Table 1 shows the results of measuring pH in the above environment. In any atmospheric gas, pressure, or temperature,
The values measured using the electrode according to the present invention were almost the same as the calculated values.

[Effects of the Invention] As described above, the composite electrode for measuring pH of high temperature water of the present invention has the following effects:
For example, it is possible to measure pH in Yui environment, which was previously considered impossible, and it is also reasonable from a scientific point of view.
This makes it possible to quantitatively evaluate high-temperature water in oil well environments, etc., and provides useful information for selecting and managing Yui materials, making it an extremely valuable tool that contributes to industrial development. be.

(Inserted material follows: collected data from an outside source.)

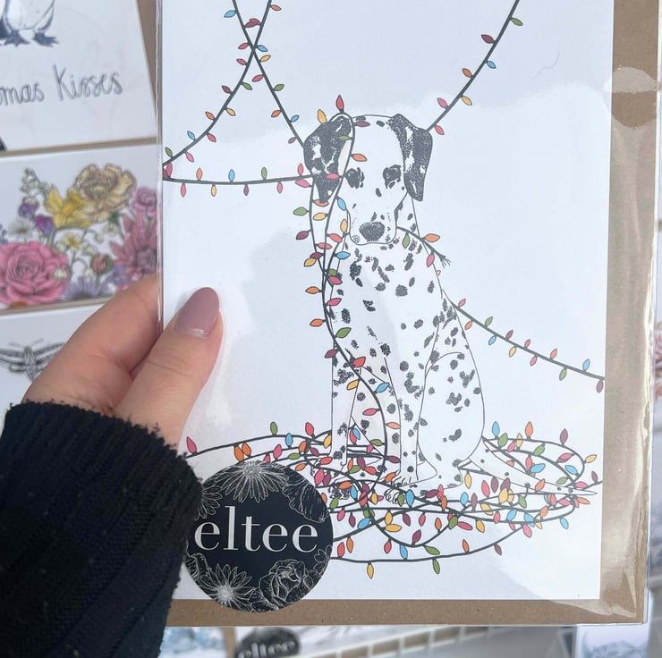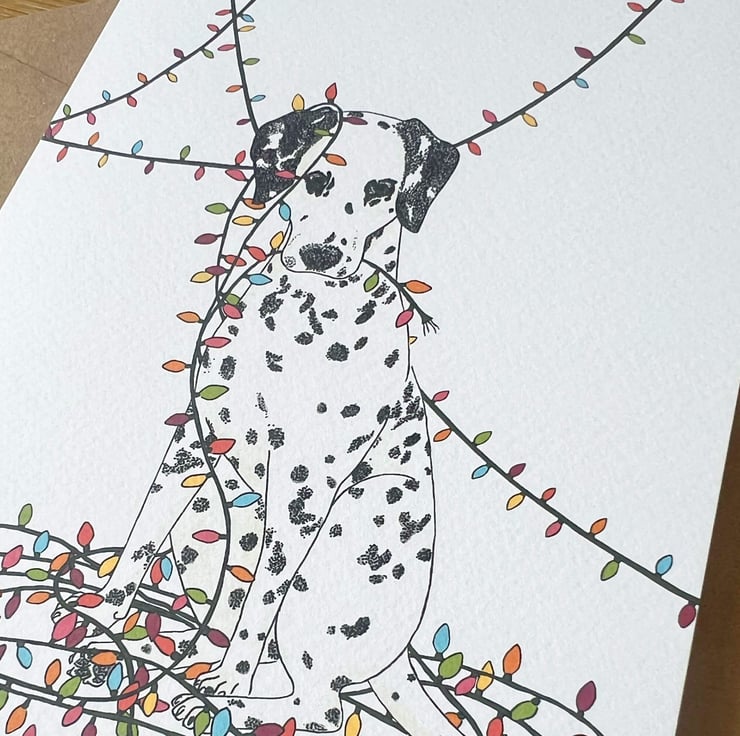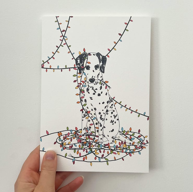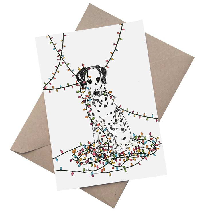 The cutest A5 Christmas card featuring a Dalmatian wrapped in fairylights, based on my own dog, this is a fun, non-traditional Christmas card that will certainly bring some joy.
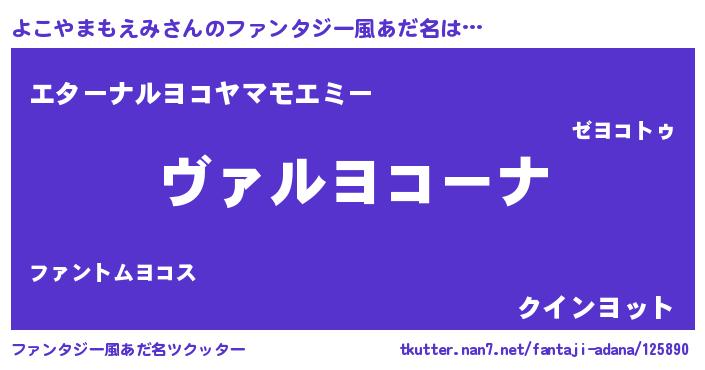 | 男性向けラノベタイトル風あだ名 | 『魔弾の王とよこやまもえみ』 |
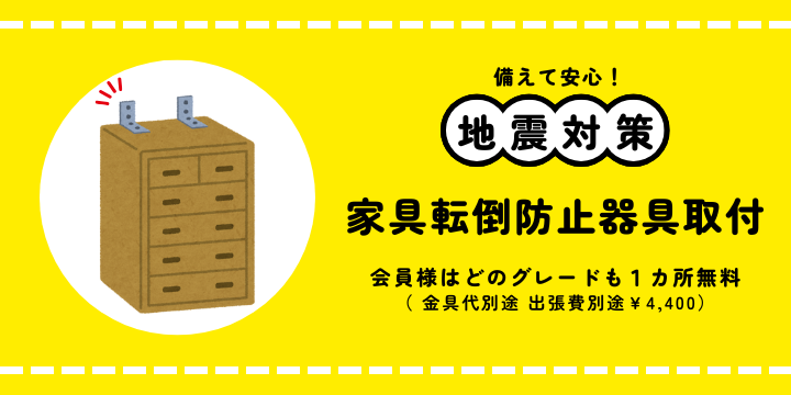 倒れやすいタンスや食器棚、本棚などに転倒防止金具を設置しませんか?

[Brief explanation of the drawing]

FIG. 1(a) shows a high-temperature, high-pressure oil well environment in an embodiment of the present invention.
Schematic diagram of H-sensing composite electrode, Fig. 1(b) is similar to Fig. 1(a)
A-A″ sectional view of , FIG. 2 is a sectional view of the po sensing electrode part,
FIG. 3 is a sectional view of the reference electrode part, FIG. 4 is a sectional view of the counter electrode part, and FIG. 5 is a sectional view of a part of the coupler. DESCRIPTION OF SYMBOLS 1... Insulating holder body, 23.4... Opening, 5... pH sensing electrode, 619... Stainless steel cylinder 7 9.20.22... O-ring, 821... Stainless steel presser, 10.23... Upper plug, 1124... Small hole, 12... Part of coupler, 13.25... Vinyl wire, 14... Reference electrode, 15... Liquid permeable solid, 16... Polymer membrane, 17... Internal liquid for reference electrode, 18... Counter electrode, 26... Piping.

Claims (1)

[Claims] 1. An insulating holder that is partially hollow and open on one side, an oxide semiconductor sensing electrode section disposed on the inner wall side of the insulating holder, a counter electrode section made of an inert metal, and a counter electrode section made of an inert metal. A reference electrode part for regulating the potential of the sensing electrode from the outside, three lead wires connected to each of the above electrode parts and embedded through the solid part of the insulating holder, and the lead wires. p
A composite electrode for measuring the pH of high-temperature, high-pressure water, comprising a coupler for connecting to a cable connected to an H measuring device, and a sealing part for insulating the connecting part from an external solution. 2. The sensing electrode part includes a cylinder electrically connected to the terminal at the end of the insulating holder, a sensing electrode arranged inside the cylinder toward the inner wall surface of the insulating holder, and fixing the sensing electrode. 2. The composite electrode for measuring pH of high-temperature, high-pressure water according to claim 1, comprising a presser foot and a plug for insulating the presser foot from the outside. 3. The reference electrode part has a liquid-permeable solid on the inner wall side of the holder, an ion-permeable polymer membrane, an internal liquid separated from the liquid to be measured by the polymer membrane, and an internal liquid immersed in the internal liquid. 3. The composite electrode for measuring pH of high-temperature, high-pressure water according to claim 1 or 2, comprising a reference electrode body. 4 The counter electrode part includes a cylinder electrically connected to the terminal at the end of the insulating holder, a counter electrode placed inside the cylinder toward the inner wall surface of the insulating holder, and a presser for fixing the counter electrode. The composite electrode for measuring the pH of high-temperature, high-pressure water according to any one of claims 1 to 3, comprising gold and a plug for insulating the presser foot from the outside.